Data analysis: Standard pre-processing including motion correction, high-pass filtering (100Hz), spatial smoothing (5mm) used FMRIB Software Library 5.0.9.4 Whole brain activation was examined using a general linear model fitted with a double-gamma hemodynamic response function to predict brain activities in response to the task onset and duration. Individual functional data were registered to structural images and MNI152 space using FLIRT and FNIRT5 for the group mean and the between-group contrast maps. Activation threshold was set at Z>2.3 (p=0.05, cluster corrected).
Results
Widespread whole brain fMRI activations were observed in both the NC and AD groups (Figure 2). The activation topography and extent differed across tasks (p<0.05; Figure 2).
Activations in the corpus callosum were seen in the majority of NC (90%) and AD (87%) individuals (Table 2, Figure 3). WM activation clusters differed by task: while all tasks tended to involve the corpus callosum body, the first two tasks also frequently activated the splenium of corpus callosum.

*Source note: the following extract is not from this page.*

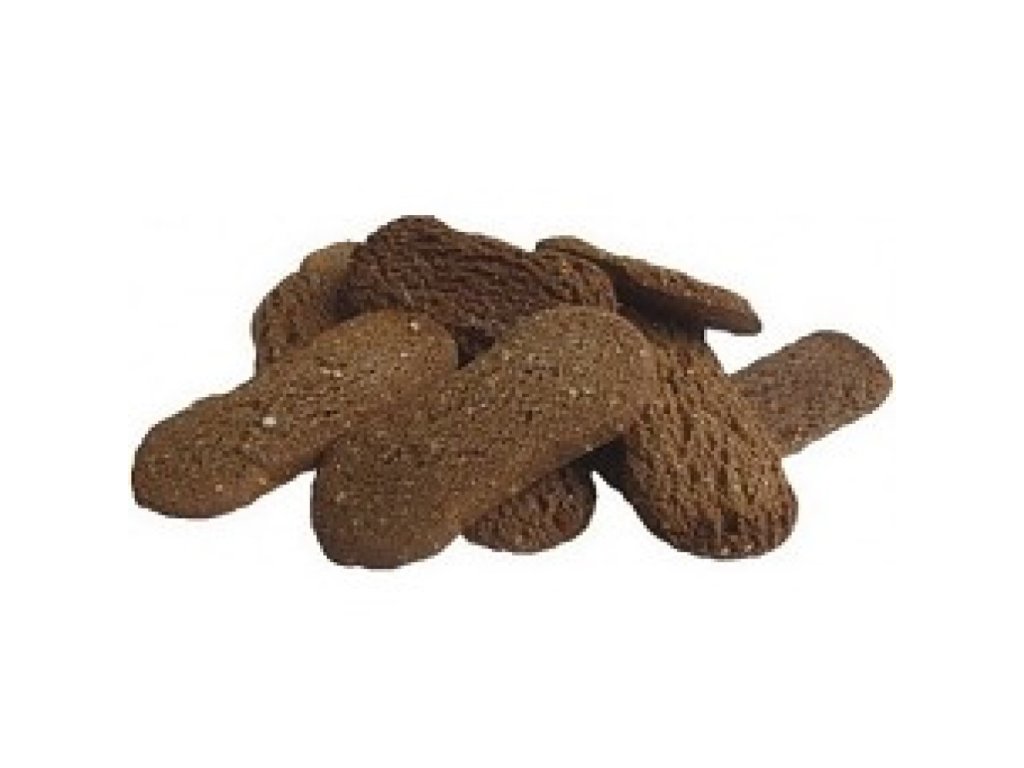 Je to kvalitní doplňkové krmivo vhodné pro každého psa jako pamlsek a doplněk každodenní stravy. Jsou tvrdé, křupavé pečivo, které díky své zvláštní struktuře nutí Vašeho psa skutečně žvýkat a to působí na posilování žvýkacích svalů a zubů.Složení: pšeničná mouka, hovězí moučka, ječné kroupy, minerální látky, krmné kvasnice, sušené mléko.Výživové hodnoty: bílkoviny 21,5%, tuky 4,6%.

AD patients showed decreased activation across both the genu and the body of the corpus callosum (30% vs. 72%, p<0.01), especially under Task 2, No participant with AD showed activation in the genu of corpus callosum with any task.
Discussion
The results suggested: 1) the whole brain GM fMRI activation was quite consistent with previous reports, as was the difference between AD and normal aging in the GM;6-8 2) Corpus callosum activation was commonly found in both AD and NC individuals (87%), as previously suggested for healthy younger adults; 1-2,9-12 and 3) there were less WM clusters in AD relative to NC, particularly in the genus of the corpus callosum. The study provided the initial results demonstrating functional WM impairment in AD using fMRI.
Deterioration of WM integrity, in addition to GM atrophy, has been widely reported for people with AD or those at high risk, associated with chronic ischemia and amyloid accumulation and characterized by multiple neuropathological changes.13-15 Many of these changes can alter the task related oxygen energy demands, on which BOLD fMRI signal is based and thus detectable using fMRI.16 Our findings support the hypothesis and suggest that further AD fMRI studies should take WM activation into account.
It is worth noting that fMRI has traditionally excluded the WM, as lower perfusion and scarcity of synapses have caused researchers to discount the possibility of detecting a BOLD response in the WM.16-18 With increases in both signal-to-noise and contrast-to-noise ratio in fMRI, WM activation has been increasingly noted, 2,9-12 although these investigations have been restricted to healthy younger people. The current study contributes to the growing WM fMRI research by demonstrating multiple tasks eliciting interhemispheric transfer across corpus callosum in WM fMRI in aging and AD conditions.
Conclusion
Our data provide the first report of WM fMRI in older adults and the initial demonstration of functional impairment of WM integrity in individuals with AD, implying a new avenue to understanding WM changes in AD-dementia. Ongoing studies by our group are testing these preliminary findings at the group level and examining data within several key WM ROIs in a larger sample size.